Большое значение в послеубойной диагностике имеет молекулярно-генетический метод. ПЦР применяют при неполной патолого-анатомической картине, которая затрудняет постановку диагноза. Данный метод позволяет выявить в тканях органов и мышцах животного ДНК провируса ВЛКРС, который встроен в геном клетки хозяина. В то же время ПЦР имеет ряд недостатков: высокая стоимость исследований, необходимость соблюдать температурные параметры внешней среды, неспецифические реакции и др.
В исследованиях, проведенных ранее, был применен серологический способ послеубойной диагностики лейкоза крупного рогатого скота. С помощью РИД выявлялись антитела к антигену ВЛКРС в мышечно-тканевой жидкости (в плазме и лимфе), полученной из туш и субпродуктов послеубойных животных [18][19]. Несмотря на существенные преимущества предложенного метода послеубойной диагностики (низкая стоимость набора, легкость в постановке реакции и т. д.), он имеет немало недостатков. К ним относятся: сроки постановки РИД (учет реакции проводится только через 48 ч), низкая чувствительность реакции, вероятность получения сомнительных результатов реакции (возникновение перекрестных реакций) [20].

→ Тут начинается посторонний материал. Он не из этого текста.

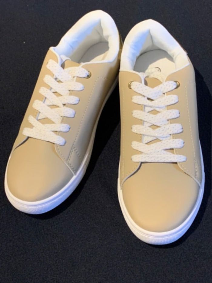 Sneakers, baskets femme Pointure 41, couleur beige/doré/blanc Lacets blancs et fil argenté Neuf sans utilisation #sneakers #tennisfemme #basketsfemme #p41 #tennis41
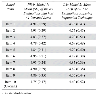 TABLE 2 Mean performance of geriatric medicine residents in each rated item is similar in both Partially Rated Assessments (PRAs) Model 1 and Completed Assessments (CAs) Model 2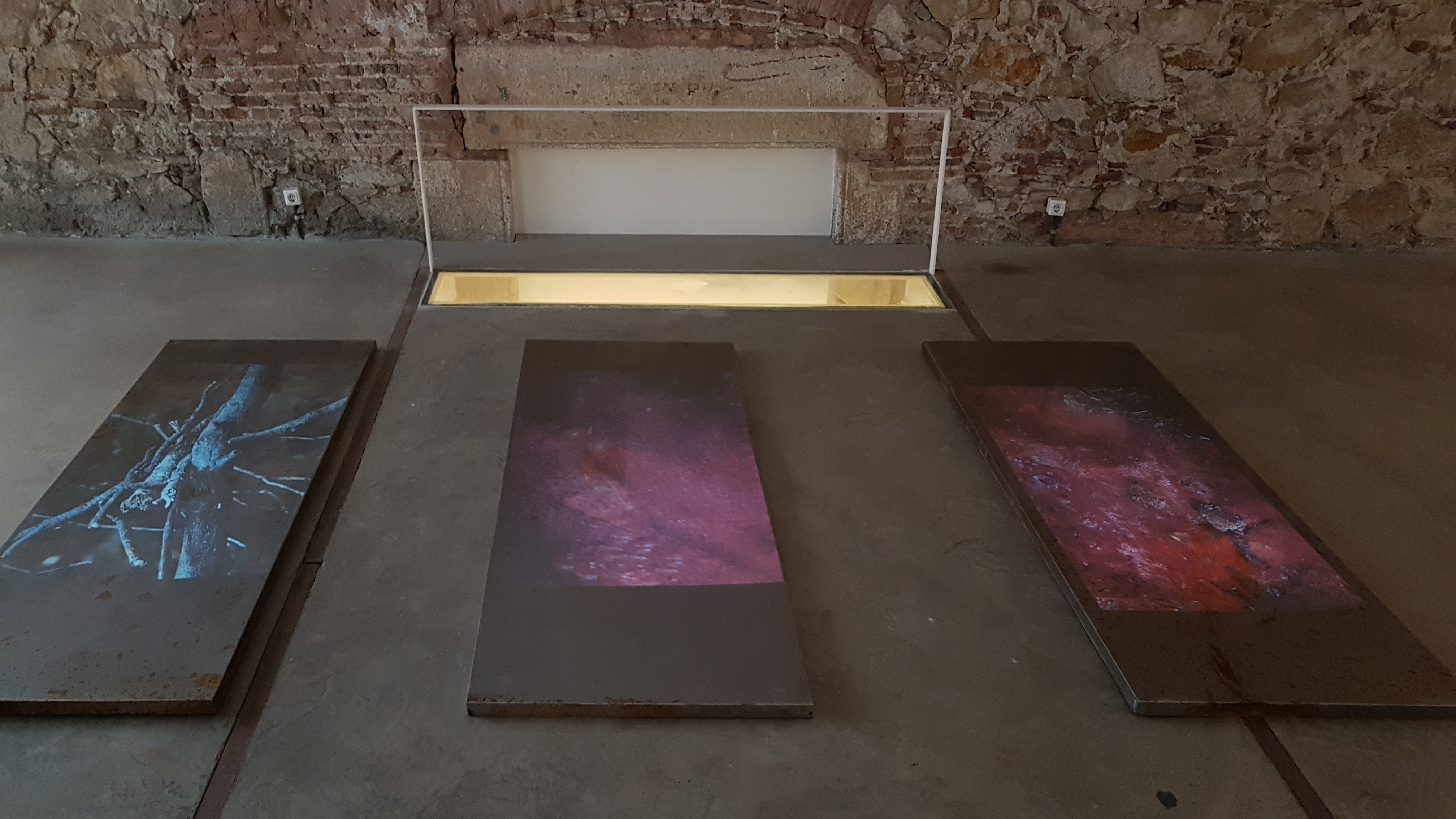 Con esta video instalación, Granados trata de impulsar la relevancia de la comunicación poniendo en relación los cuatro elementos ancestrales: tierra, agua, aire y fuego, con la terna sacra que simboliza la perfección y el equilibrio. Al unir el 4 y el 3 nos da el número 7 que alude a la totalidad del universo en movimiento. La materialidad queda representada por tres chapas de hierro dispuestas horizontalmente sobre el suelo por Rosa; esta es la tierra, símbolo de fertilidad, sobre la que se derrama agua, elemento que hace posible la vida. Sobre las planchas se proyectan 7 video arte cuyas imágenes devienen en abstracciones de la naturaleza; la luz de los filmes es la metáfora del fuego, mientras que el aire se referencia a través del sonido cuya onda lo requiere para desplazarse y hacerse audible. El conjunto forma una instalación que fusiona todos los elementos para favorecer la evolución de la conciencia.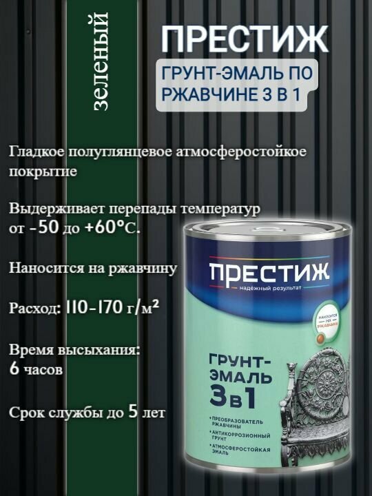 Отзывы на Грунт-эмаль по ржавчине 3 в 1 Престиж М, полуматовая, 0,9 кг, зеленая, 1шт, металлическая банка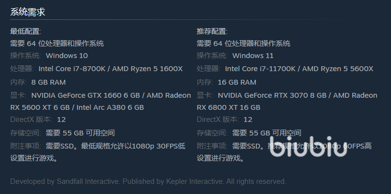 《光与影:33号远征队》作为一款采用虚幻5引擎打造的次世代JRPG,其配置要求属于中等偏高,对硬件性能的优化较为合理。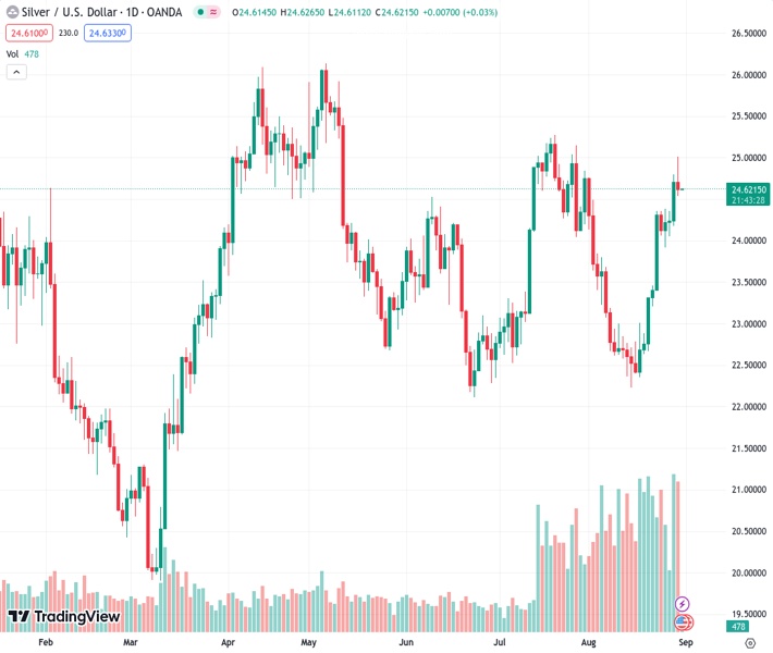 XAGUSD currently trading at 24.62 at the time of writing. Pair opened at 24.72 and is trading with a change of -0.40% % .
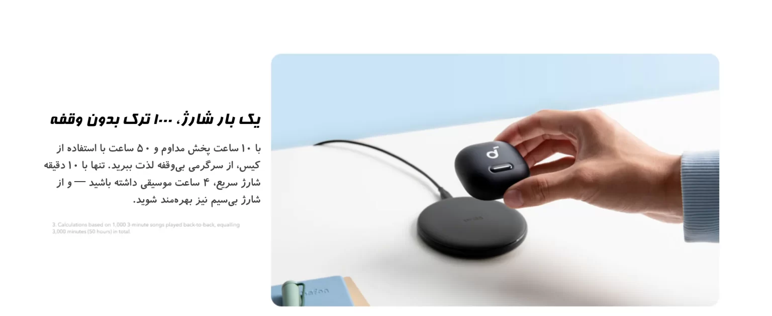با هر بار شارژ، ایربادزها تا 10 ساعت پخش موسیقی و همراه با کیس شارژ تا 50 ساعت شارژدهی دارند. همچنین Liberty 4 NC از شارژ سریع پشتیبانی میکند؛ تنها با 10 دقیقه شارژ، تا 4 ساعت استفاده خواهید داشت.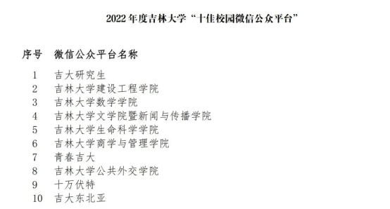 ”荣获2022 年度吉林大学“十佳校园微信公众平台”。

Исходя из вышеизложенного, была поставлена цель: применение нового метода (способа) послеубойной диагностики лейкоза крупного рогатого скота с использованием иммуноферментного анализа.
МАТЕРИАЛЫ И МЕТОДЫ
Основным материалом для проведения исследований на лейкоз крупного рогатого скота послужили пробы с туш и субпродуктов убойных животных (83 шт.), отобранных на Махачкалинском универсальном рынке № 2. На основании ветеринарных справок (из ветеринарного участка) 12 гол. из числа исследованных после убоя животных были прижизненно серонегативными к ВЛКРС, а 71 гол. прижизненно не исследовали на лейкоз крупного рогатого скота с применением РИД, ИФА и т. д.

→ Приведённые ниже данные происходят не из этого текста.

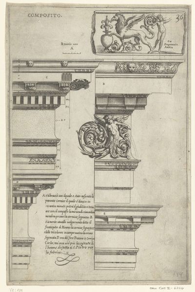 Curator: Oh, this old thing! This is "Toscaanse zuil en hoofdgestel," a 1636 drawing. Probably intended more as a technical print, an architectural study, really. Editor: Right! It’s an architectural rendering on paper, of an... ancient column? It feels so precise and orderly. It’s a very geometric-looking print, made with lines and engravings. The name suggests it’s a Tuscan style. I can also read that name at the top. What is this exactly? What does it tell us about architecture from the Renaissance? Curator: More than first meets the eye! It’s all about proportion. Look how the artist uses geometry – the circles layered on the right-side rendering. See the notes scattered all around. Architectural ideals, classical orders… How do you think such a piece reflects the artistic thinking of the Renaissance? Editor: It makes me think about that era's fascination with bringing back ancient Greek and Roman knowledge. The artists back then were into mathematics and idealized forms, like trying to find the "perfect" measurements of things. It's about looking back for a "better" past. Curator: Precisely! These seemingly dry architectural prints whisper of humanity's desire to codify beauty, measure elegance. The Renaissance sought the harmony between humanism, art and science... which is maybe something to think about now, too. Do we really know where our digital world is going? Editor: Well, I’m definitely looking at columns differently now! Seeing the order behind the image has opened my eyes. Curator: Indeed! It always does once we scratch beneath the surface, doesn't it?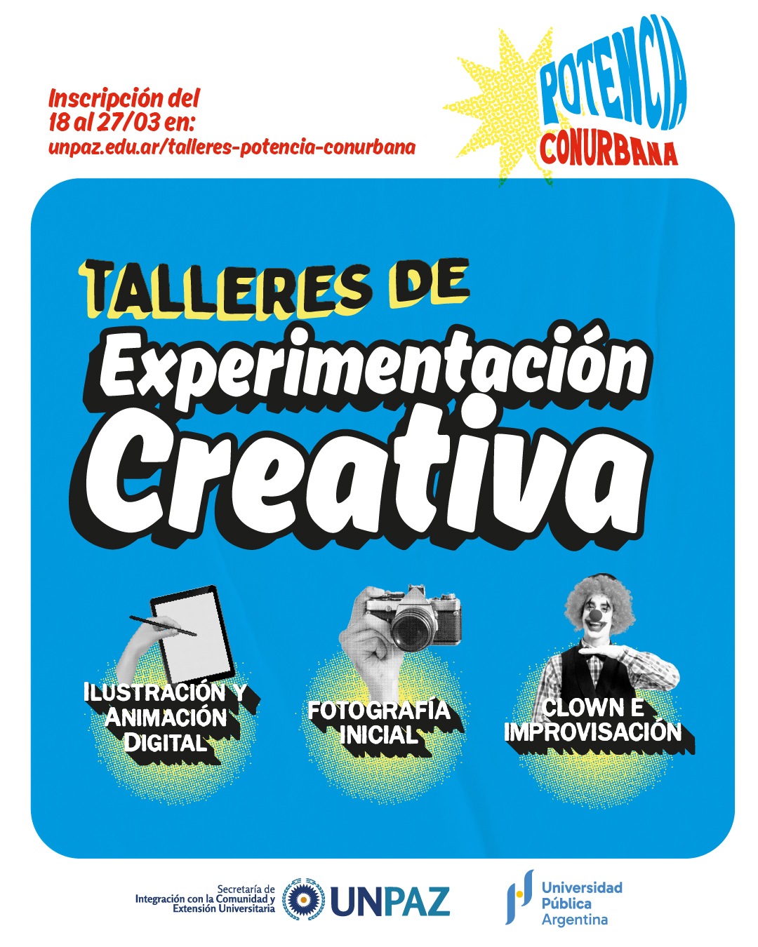 La UNPAZ, a través de la Secretaría de Integración con la Comunidad y Extensión Universitaria, informa que del 18 al 27 de marzo se abre la inscripción a Talleres de Experimentación Creativa desarrollados en el marco del proyecto Potencia Conurbana.
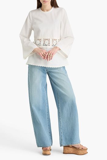 Floral-print broderie anglaise cotton top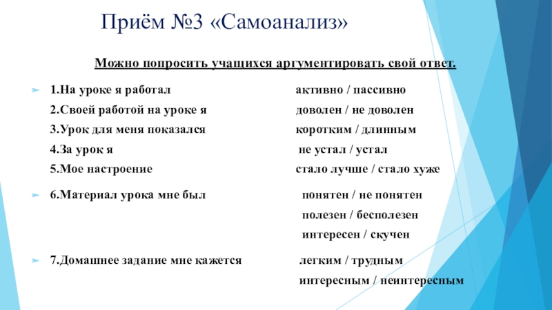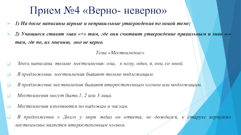 2) Учащиеся ставят знак «+» там, где они считают утверждение правильным и знак «-» там, где по, их мнению, оно не верно.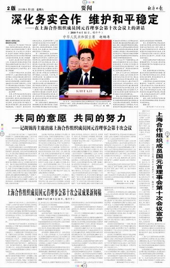 上海合作组织成员国元首理事会第十次会议成果新闻稿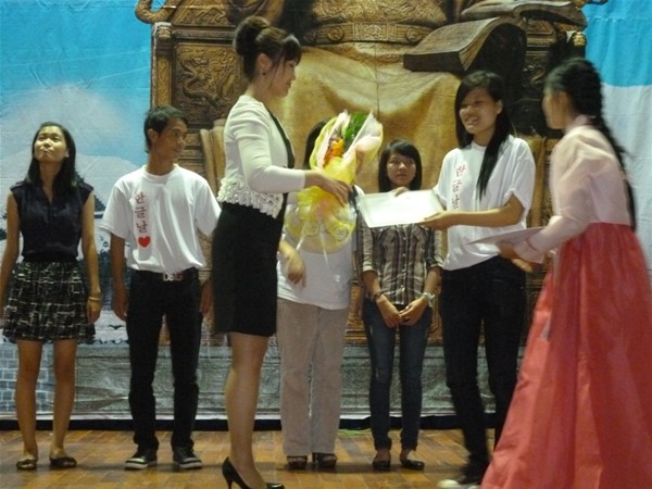 Sinh viên ngành Hàn Quốc, khoa Đông Phương, trường Đại học Lạc Hồng tại buổi lễ trao giải thưởng:

Для диагностических исследований с различных частей туш и органов отбирались смывы. Для взятия проб были использованы стерильные скальпели, вата, пробирки с колпачком объемом 5 мл. Из стерильной ваты делались маленькие тампоны, с помощью которых из надрезов туш и органов послеубойных животных производили взятие смывов. Затем полученные тампоны со смывами помещали в одноразовые пробирки, в обязательном порядке промаркированные, и готовили сопроводительные документы для транспортировки, где указывали время и место взятия пробы, дату, номер и другую информацию. В исследовательской лаборатории в пробирки со смывами в зависимости от размера тампона добавляли от 0,1 до 0,2 мл дистиллированной воды (или изотонического раствора – 0,85%-го раствора NaCl), оставляли на 1,5–2,0 ч при комнатной температуре (22–26 °С) и периодически встряхивали. Полученный однородный субстрат из пробирки использовали для проведения ИФА в соответствии с инструкцией по применению набора для выявления антител к ВЛКРС (ООО «Ветбиохим», Россия).

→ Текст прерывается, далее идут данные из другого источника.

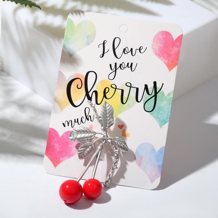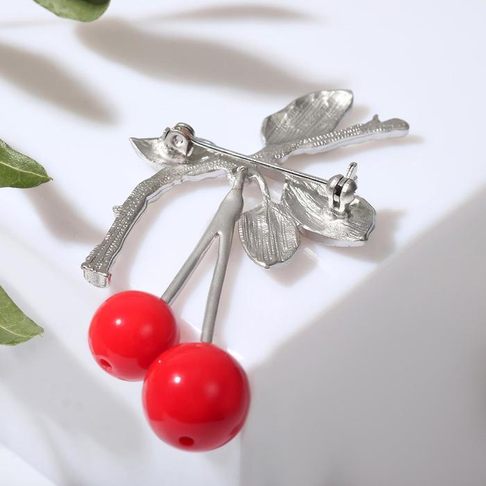 Брошь «Вишня» с листиками, подвижная, цвет красный в матовом серебре — Характеристики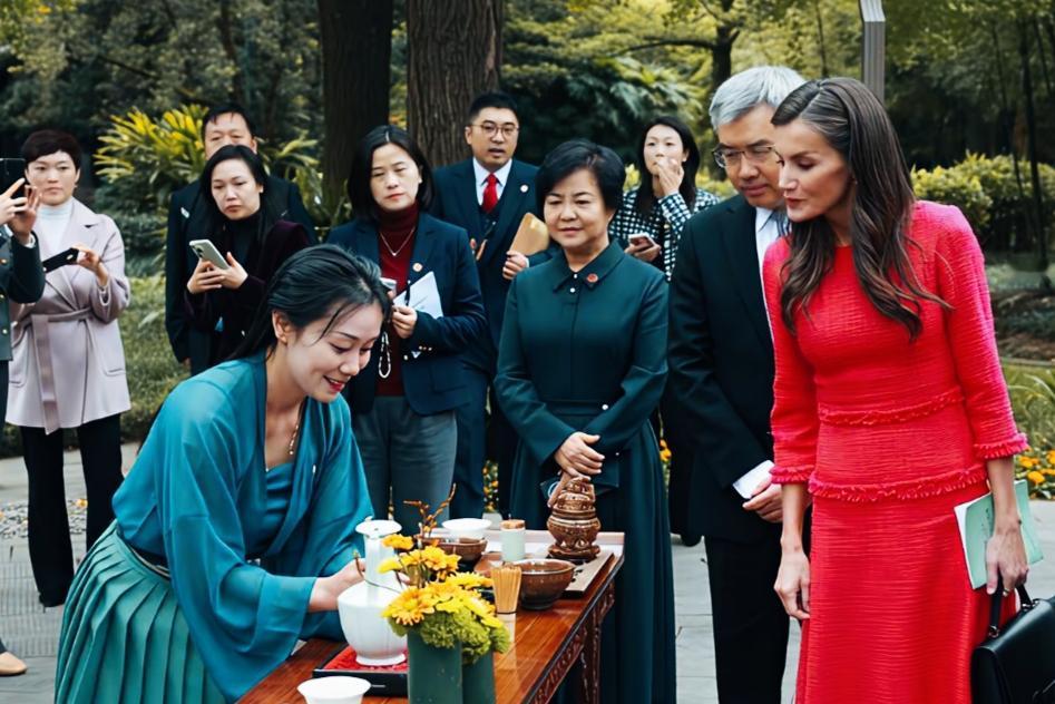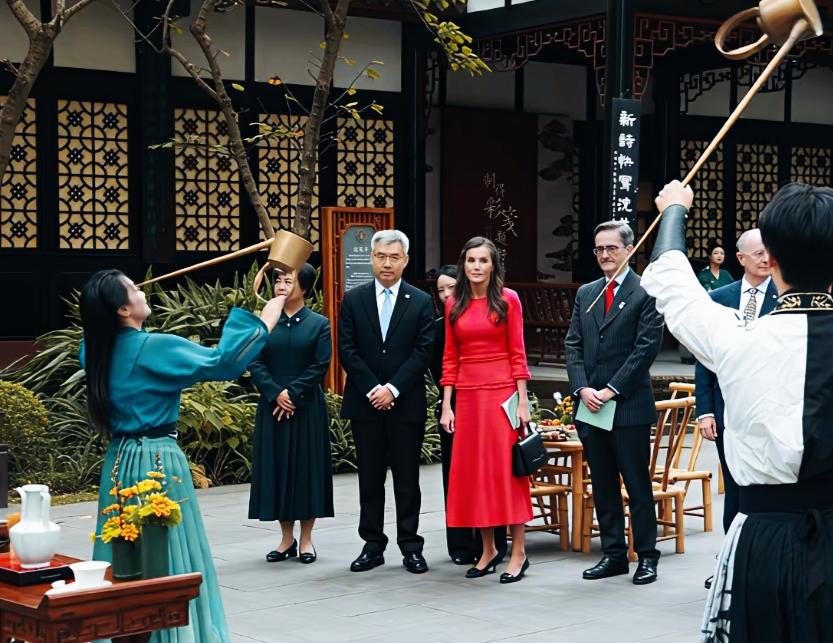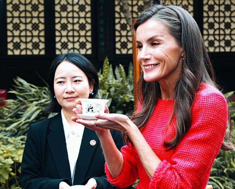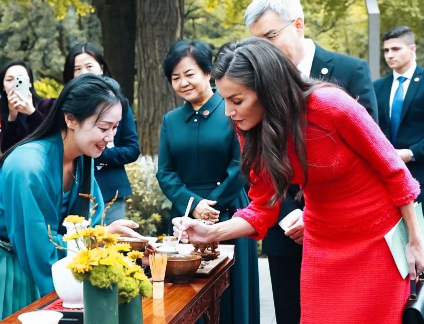 西班牙王后抵达成都后,这是入乡随俗啊! 身着一身红裙,非常的漂亮! 感受中国的特色文化,此行一定会是一次特别之旅!

Взятие смывов с туш и внутренних органов (субпродуктов) послеубойных животных проводилось согласно приказу Минсельхоза России от 28.04.2022 № 269 «Об утверждении Ветеринарных правил убоя животных и Ветеринарных правил назначения и проведения ветеринарно-санитарной экспертизы мяса и продуктов убоя (промысла) животных, предназначенных для переработки и (или) реализации»1, а серологические исследования – согласно «Методическим указаниям по диагностике лейкоза крупного рогатого скота», утвержденным Департаментом ветеринарии МСХ РФ 23.08.2000 № 1372/21302.
РЕЗУЛЬТАТЫ И ОБСУЖДЕНИЕ
При исследовании методом ИФА 71 пробы, полученной от прижизненно не исследованного на лейкоз крупного рогатого скота, в 75 лунок стрипованного планшета (96-луночная микропанель с адсорбированным в лунках специфическим антигеном gp51 ВЛКРС) вносили по 100 мкл буфера для разведения образцов. В 4 из 75 лунок добавили по 4 мкл контрольных сывороток (К+ и К–) в 2 повторах, а в остальные (71 лунка) – также по 4 мкл испытуемого однородного субстрата (смыв с тканевой жидкостью, диффундированной дистиллированной водой), после чего содержимое лунок тщательно перемешивали, планшет накрывали липкой пленкой и инкубировали в течение 1 ч в термостате при температуре 37 °С. После часа инкубации планшет 3 раза промывали заранее подготовленным рабочим фосфатно-солевым буферным раствором, содержащим твин-20, доверху заполняя лунки вручную (по 300 мкл на лунку). После этого находящуюся жидкость в лунках удаляли, а планшет подсушивали постукиванием по сложенной в несколько слоев фильтровальной бумаге. В дальнейшем в лунки микропанели вносили по 100 мкл раствора конъюгата (моноклональные антитела к lgG крупного рогатого скота, меченные пероксидазой), накрывали липкой пленкой и инкубировали в термостате при температуре 37 °С в течение 1 ч. Затем лунки микропанели промывали 3 раза фосфатно-солевым буферным раствором с твин-20 (по 300 мкл на лунку) и подсушивали планшет постукиванием по сложенной фильтровальной бумаге. После этого в лунки вносили по 100 мкл раствора тетраметилбензидина, содержащего перекись водорода, и выдерживали 10 мин в темном месте при комнатной температуре (22 °С). Останавливали реакцию путем добавления в каждую лунку по 50 мкл стоп-раствора (1 N H2SO4). Учет результатов ИФА проводили посредством измерения оптической плотности на спектрофотометре при длине волны 450 нм.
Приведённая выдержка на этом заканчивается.